─── The data

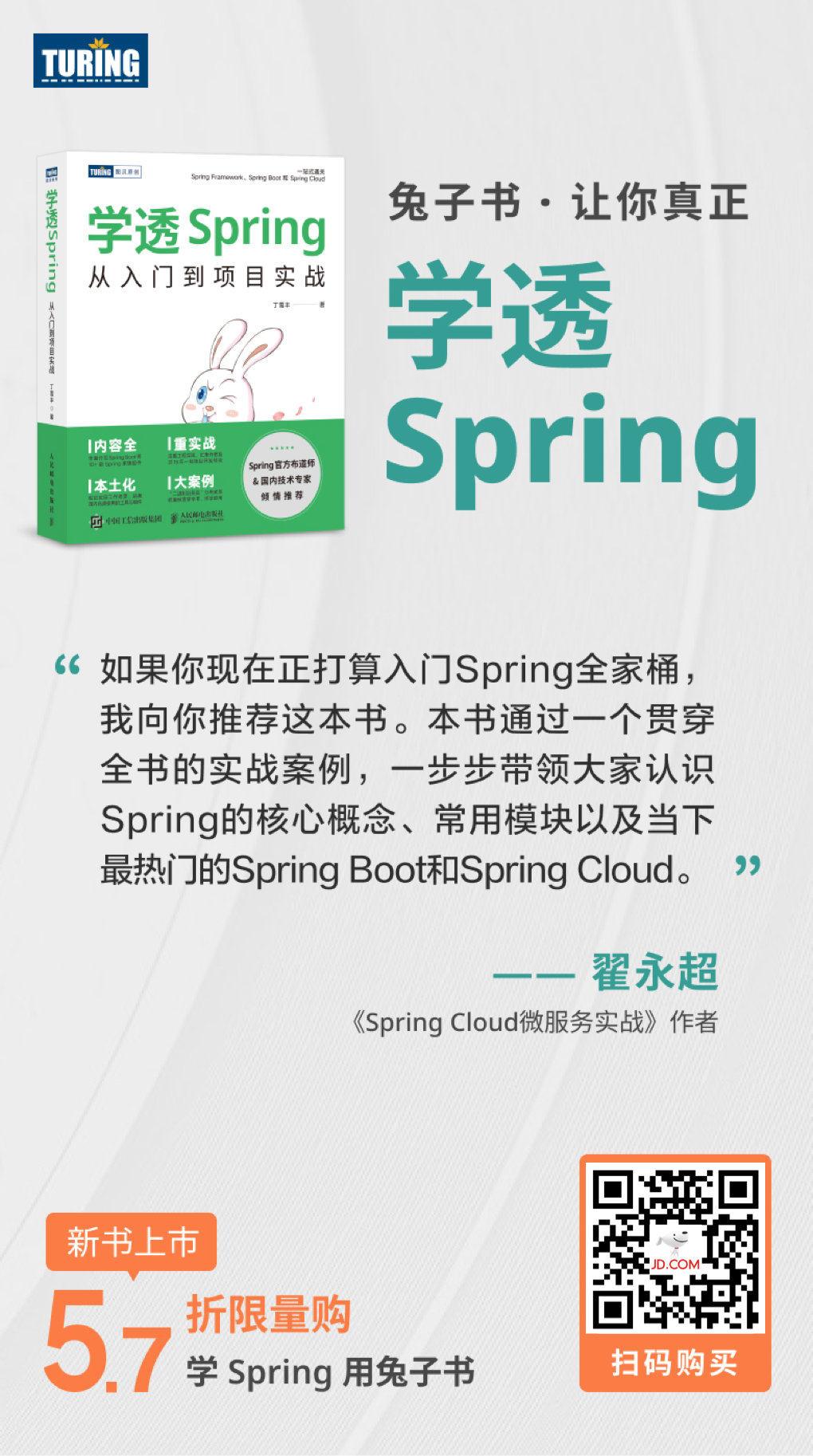 随着 Spring 社区的不断发展与壮大,框架功能已经覆盖了 Java 日常开发的方方面面。虽然 Spring 的能力异常强大,但与此同时 Spring 项目体系变得非常复杂,如何循序渐进地学习就成了初学者最为苦恼的问题。如果你现在正打算入门 Spring 全家桶,我向你推荐这本书。本书通过一个贯穿全书的实战案例,一步步带领大家认识 Spring 的核心概念、常用模块以及当下最热门的 Spring Boot 和 Spring Cloud。此外,本书附录中的内容是目前市面上的图书所欠缺的——对于 Spring 全新技术的解读,可以帮助读者紧跟前沿技术步伐,完美衔接日后可能出现的实际工作场景,并为接下来的自我进阶提供极具参考价值的学习方向。
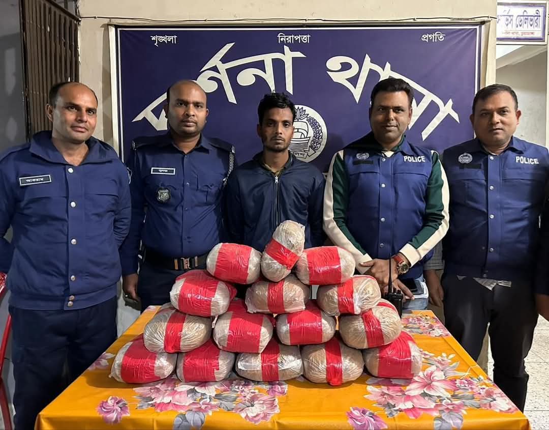 দর্শনা থানার অফিসার ইনচার্জ মুহম্মদ শহীদ তিতুমীর এর নেতৃত্বে দর্শনা থানার এসআই(নিঃ) মোঃ মাসুদুর রহমান সঙ্গীয় অফিসার ও ফোর্সসহ মাদক বিরোধী অভিযান চালায়। এসময় গোপন সংবাদের ভিত্তিতে দর্শনা থানাধীন ঝাঝাডাঙ্গা ঈদগাহ পাড়ায় সুন্নত আলীর ছেলে মোঃ হৃদয় (২৫) এর বাড়িতে অভিযান চালিয়ে বসত বাড়ীর উঠান হতে ৪লাখ ৫০ হাজার টাকা মূল্যের ১৫ কেজি গাঁজাসহ হৃদয়কে গ্রেফতার করে।গ্রেফতারকৃত আসামীর বিরুদ্ধে দর্শনা থানায় মাদকদ্রব্য আইনে মামলা হয়েছে।
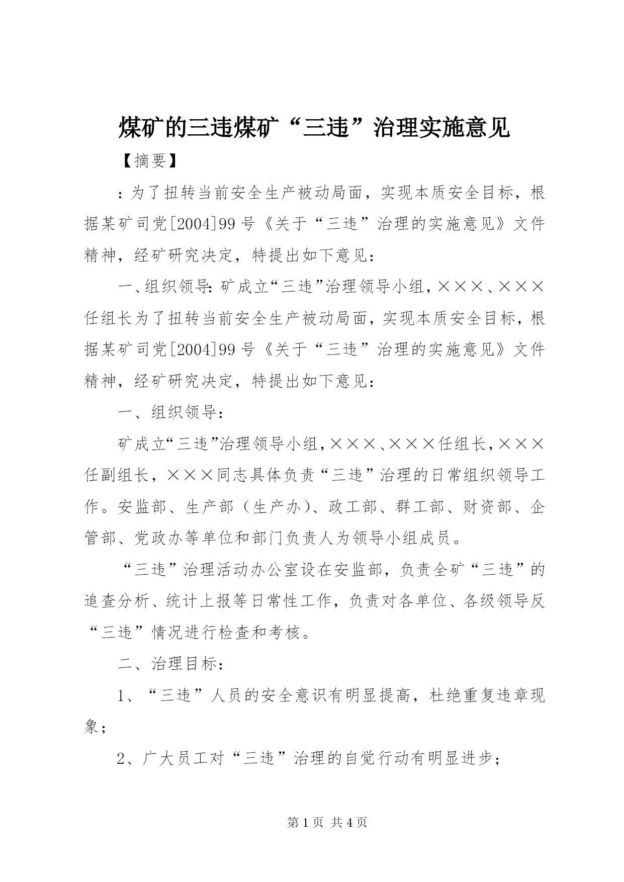 第PAGE\*Arabic\*MERGEFORMAT4页共NUMPAGES\*MERGEFORMAT4页煤矿的三违煤矿“三违”治理实施意见【摘要】:为了扭转当前安全生产被动局面,实现本质安全目标,根据某矿司党[2004]99号《关于“三违”治理的实施意见》文件精神,经矿研究决定,特提出如下意见:一、组织领导:矿成立“三违”治理领导小组,×××、×××任组长为了扭转当前安全生产被动局面,实现本质安全目标,根据某矿司党[2004]99号《关于“三违”治理的实施意见》文件精神,经矿研究决定,特提出如下意见:一、组织领导:矿成立“三违”治理领导小组,×××、×××任组长,×××任副组长,×××同志具体负责“三违”治理的日常组织领导工作。安监部、生产部(生产办)、政工部、群工部、财资部、企管部、党政办等单位和部门负责人为领导小组成员。“三违”治理活动办公室设在安监部,负责全矿“三违”的追查分析、统计上报等日常性工作,负责对各单位、各级领导反“三违”情况进行检查和考核。二、治理目标:1、“三违”人员的安全意识有明显提高,杜绝重复违章现象;2、广大员工对“三违”治理的自觉行动有明显进步;3、“三违”人数有大幅度下降;4、消除违章因素造成的各类事故,实现安全年。三、“三违”的处理程序:先由矿安监部初步追查,事实清楚,属“三违”行为后,按照追查分析、现身说法、停班学习、帮教提高、行政处罚、张榜公示、电视爆光、亲属签字、建档立卡、业务考试的“三违”处理程序进行。1、追查分析。由矿安监部组织,相关部门领导、“三违”人员及单位负责人、发现“三违”人员参加。2、现身说法。“三违”人员在本单位安全活动时,结合自身“三违”事实,谈认识、谈体会,吸取教训,保证不再违章。由各单位主管负责。3、停班学习。停班学习的形式采取自学和集中学习相结合,一般“三违”集中学习一周,严重“三违”集中学习10天,集中学习由财资部负责。4、帮教提高。井级以上的领导、政工部长、群工部长、支部书记对“三违”人员进行谈话,帮助“三违”人员提高认识。5、行政处罚。按照“三违”治理的条款进行处罚。6、张榜公示。在公示栏公布处罚结果。7、电视爆光。政工部组织,电讯中心对“三违”人员的追查、谈话、处理进行电视爆光。8、亲属签字。“三违”人员在停班学习期间,通过认识,写出安全保证书,家属或亲人在安全保证书上签名。由单位支部书记负责。9、建档立卡。对各类“三违”人员安监部建立追查、处理档案,记录清楚。10、业务考试。停班学习期满前二天,“三违”人员带家属或亲人签字的安全保证书,进行业务知识考试,考试时严格按照教考分离的办法执行,考试不合格,将延长停班学习时间,直至考试合格后方可上岗,具体由财资部组织。四、治理措施:(一)认真抓好舆论引导和宣传教育,增强对“三违”治理的责任感和紧迫感。今年以来,集团公司安全生产形势十分严峻,虽然我矿总体安全形势基本稳定,但工伤事故时有发生,有些事故性质还相当严重,究其原因都是因“三违”造成的,“三违”行为屡禁不止,少数“三违”人员及习惯性违章屡教不改,已严重威胁职工生命安全和国家财产,必须下大力气治理“三违”,否则,很难维持企业正常的生产经营活动。基层各单位特别是党政主要领导要充分认识到“三违”是造成各类事故的根源,也是影响企业形象和制约企业发展的“顽症”。各单位、各部门、各级领导干部要提高对反“三违”的认识,治理“三违”事关职工生命安全和切身利益,事关企业利益和矿井安1/3123下一页尾页
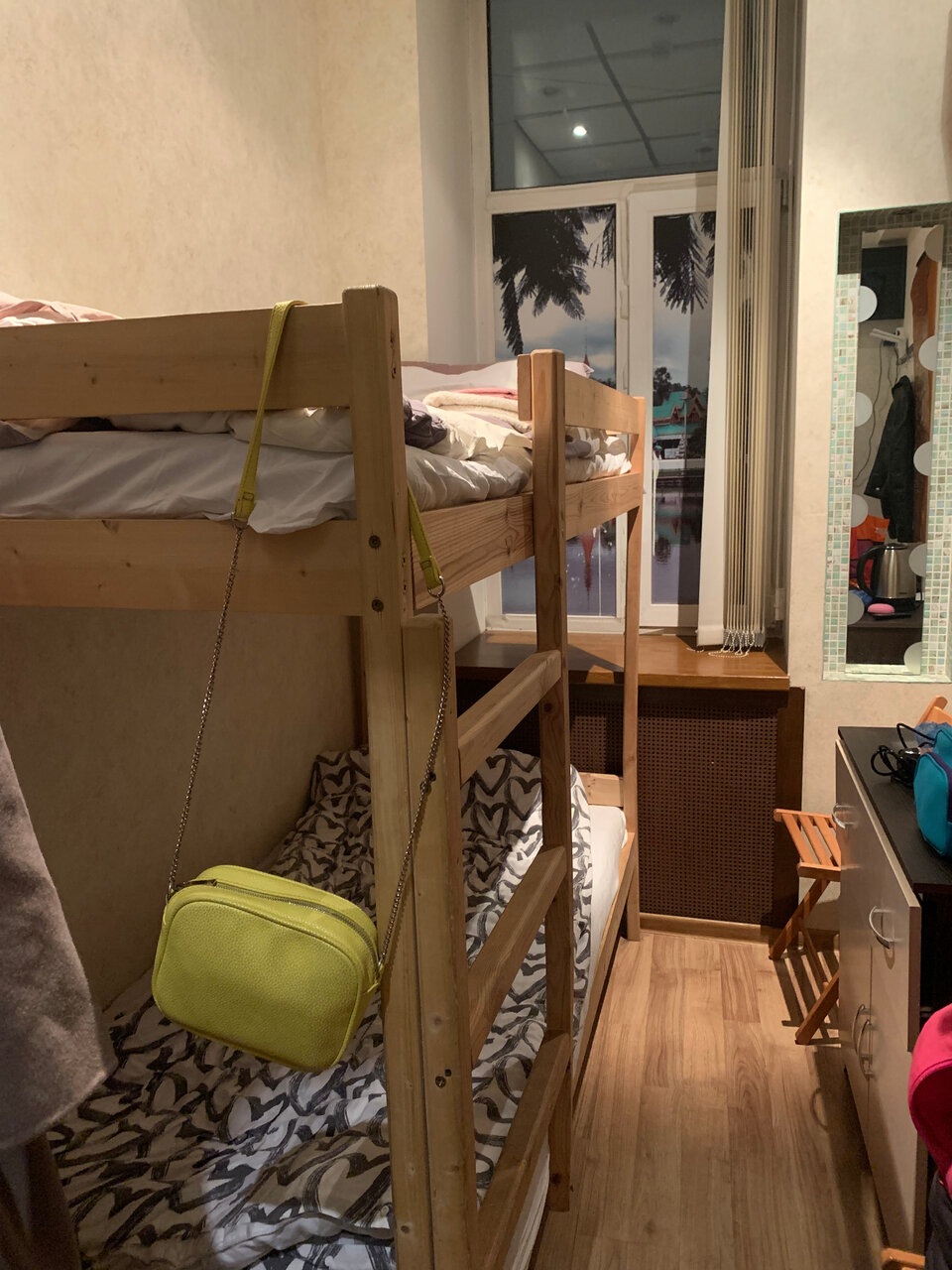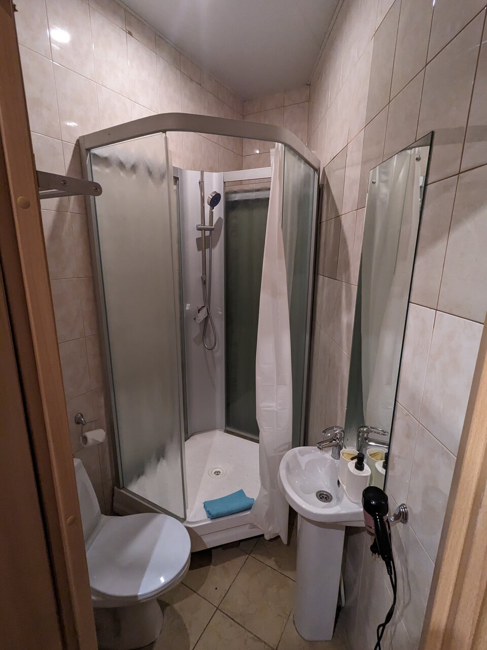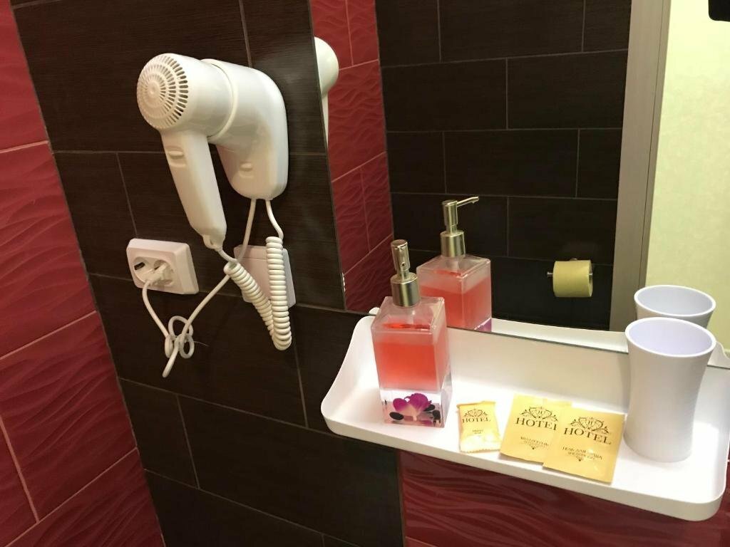 Персонал в гостинице возмущается, если ночью тебе захочется курить (с претензиями). В душе холодно, приходится включать обогреватель, что не выглядит безопасным.(см.фото). Единственное, почему удлинитель не упадет в душ, это потому, что за 5 минут активного слива воды она не нагрелась ни на градус (при этом в раковине горячая вода есть). Мебель достаточно ушатана, 1 балл чисто за расположение. И да, это номер Делюкс.

──────

Set down the data again, exactly, without images.

 随着 Spring 社区的不断发展与壮大,框架功能已经覆盖了 Java 日常开发的方方面面。虽然 Spring 的能力异常强大,但与此同时 Spring 项目体系变得非常复杂,如何循序渐进地学习就成了初学者最为苦恼的问题。如果你现在正打算入门 Spring 全家桶,我向你推荐这本书。本书通过一个贯穿全书的实战案例,一步步带领大家认识 Spring 的核心概念、常用模块以及当下最热门的 Spring Boot 和 Spring Cloud。此外,本书附录中的内容是目前市面上的图书所欠缺的——对于 Spring 全新技术的解读,可以帮助读者紧跟前沿技术步伐,完美衔接日后可能出现的实际工作场景,并为接下来的自我进阶提供极具参考价值的学习方向。
 দর্শনা থানার অফিসার ইনচার্জ মুহম্মদ শহীদ তিতুমীর এর নেতৃত্বে দর্শনা থানার এসআই(নিঃ) মোঃ মাসুদুর রহমান সঙ্গীয় অফিসার ও ফোর্সসহ মাদক বিরোধী অভিযান চালায়। এসময় গোপন সংবাদের ভিত্তিতে দর্শনা থানাধীন ঝাঝাডাঙ্গা ঈদগাহ পাড়ায় সুন্নত আলীর ছেলে মোঃ হৃদয় (২৫) এর বাড়িতে অভিযান চালিয়ে বসত বাড়ীর উঠান হতে ৪লাখ ৫০ হাজার টাকা মূল্যের ১৫ কেজি গাঁজাসহ হৃদয়কে গ্রেফতার করে।গ্রেফতারকৃত আসামীর বিরুদ্ধে দর্শনা থানায় মাদকদ্রব্য আইনে মামলা হয়েছে।
 第PAGE\*Arabic\*MERGEFORMAT4页共NUMPAGES\*MERGEFORMAT4页煤矿的三违煤矿“三违”治理实施意见【摘要】:为了扭转当前安全生产被动局面,实现本质安全目标,根据某矿司党[2004]99号《关于“三违”治理的实施意见》文件精神,经矿研究决定,特提出如下意见:一、组织领导:矿成立“三违”治理领导小组,×××、×××任组长为了扭转当前安全生产被动局面,实现本质安全目标,根据某矿司党[2004]99号《关于“三违”治理的实施意见》文件精神,经矿研究决定,特提出如下意见:一、组织领导:矿成立“三违”治理领导小组,×××、×××任组长,×××任副组长,×××同志具体负责“三违”治理的日常组织领导工作。安监部、生产部(生产办)、政工部、群工部、财资部、企管部、党政办等单位和部门负责人为领导小组成员。“三违”治理活动办公室设在安监部,负责全矿“三违”的追查分析、统计上报等日常性工作,负责对各单位、各级领导反“三违”情况进行检查和考核。二、治理目标:1、“三违”人员的安全意识有明显提高,杜绝重复违章现象;2、广大员工对“三违”治理的自觉行动有明显进步;3、“三违”人数有大幅度下降;4、消除违章因素造成的各类事故,实现安全年。三、“三违”的处理程序:先由矿安监部初步追查,事实清楚,属“三违”行为后,按照追查分析、现身说法、停班学习、帮教提高、行政处罚、张榜公示、电视爆光、亲属签字、建档立卡、业务考试的“三违”处理程序进行。1、追查分析。由矿安监部组织,相关部门领导、“三违”人员及单位负责人、发现“三违”人员参加。2、现身说法。“三违”人员在本单位安全活动时,结合自身“三违”事实,谈认识、谈体会,吸取教训,保证不再违章。由各单位主管负责。3、停班学习。停班学习的形式采取自学和集中学习相结合,一般“三违”集中学习一周,严重“三违”集中学习10天,集中学习由财资部负责。4、帮教提高。井级以上的领导、政工部长、群工部长、支部书记对“三违”人员进行谈话,帮助“三违”人员提高认识。5、行政处罚。按照“三违”治理的条款进行处罚。6、张榜公示。在公示栏公布处罚结果。7、电视爆光。政工部组织,电讯中心对“三违”人员的追查、谈话、处理进行电视爆光。8、亲属签字。“三违”人员在停班学习期间,通过认识,写出安全保证书,家属或亲人在安全保证书上签名。由单位支部书记负责。9、建档立卡。对各类“三违”人员安监部建立追查、处理档案,记录清楚。10、业务考试。停班学习期满前二天,“三违”人员带家属或亲人签字的安全保证书,进行业务知识考试,考试时严格按照教考分离的办法执行,考试不合格,将延长停班学习时间,直至考试合格后方可上岗,具体由财资部组织。四、治理措施:(一)认真抓好舆论引导和宣传教育,增强对“三违”治理的责任感和紧迫感。今年以来,集团公司安全生产形势十分严峻,虽然我矿总体安全形势基本稳定,但工伤事故时有发生,有些事故性质还相当严重,究其原因都是因“三违”造成的,“三违”行为屡禁不止,少数“三违”人员及习惯性违章屡教不改,已严重威胁职工生命安全和国家财产,必须下大力气治理“三违”,否则,很难维持企业正常的生产经营活动。基层各单位特别是党政主要领导要充分认识到“三违”是造成各类事故的根源,也是影响企业形象和制约企业发展的“顽症”。各单位、各部门、各级领导干部要提高对反“三违”的认识,治理“三违”事关职工生命安全和切身利益,事关企业利益和矿井安1/3123下一页尾页
 Персонал в гостинице возмущается, если ночью тебе захочется курить (с претензиями). В душе холодно, приходится включать обогреватель, что не выглядит безопасным.(см.фото). Единственное, почему удлинитель не упадет в душ, это потому, что за 5 минут активного слива воды она не нагрелась ни на градус (при этом в раковине горячая вода есть). Мебель достаточно ушатана, 1 балл чисто за расположение. И да, это номер Делюкс.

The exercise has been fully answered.